Obviously the agents are great at producing large chunks of code, but they often make minor and sometimes trivial mistakes which need amending.

Typing something like "in src/auth/session/token_manager.ts the refreshTokenExpiry variable should be refresh_token_expiry. update every reference and make sure nothing else changes" and waiting for the LLM to do its thing takes longer than opening the file and doing the rename yourself.

If you are describing microscopic edits in natural language you are not avoiding coding.
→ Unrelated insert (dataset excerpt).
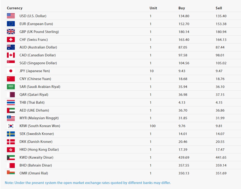 जापानी येन १० को खरीददर नौ रुपैयाँ ४३ पैसा र बिक्रीदर नौ रुपैयाँ ४७ पैसा, चिनियाँ युआन एकको खरीददर १८ रुपैयाँ ६८ पैसा र बिक्रीदर १८ रुपैयाँ ७६ पैसा, साउदी अरेबियन रियाल एकको खरीददर ३५ रुपैयाँ ९४ पैसा र बिक्रीदर ३६ रुपैयाँ १० पैसा, कतारी रियाल एकको खरीददर ३६ रुपैयाँ ९८ पैसा र बिक्रीदर ३७ रुपैयाँ १५ पैसा कायम भएको छ।

You are coding through an extremely verbose, lossy interface with higher latency and lower precision.

EDIT: flagged?

3 comments

Codex and CC are actually getting better at reviewing code and flagging issues. False positive rate dropped fairly significantly. Also obviously might be very personal preferency but creating clear specs and iterating on specs really helps to crystalize the approach I want to take to solving a given problem.
See, I'd say something like:

In the latest commit, refreshTokenExpiry should be snake case. Fix and make a note to do that in $LANG.

Or otherwise scope the rule. The point is you don't need to be super verbose about it and you get to fix forward too, preventing the same issue reoccurring. You build knowledge and context that let you move faster.

this seems like a strawman... of /course/ you'd use the IDE to do ref renames?? AI isn't for that...
If that is true then you cant claim to be "not touching code anymore".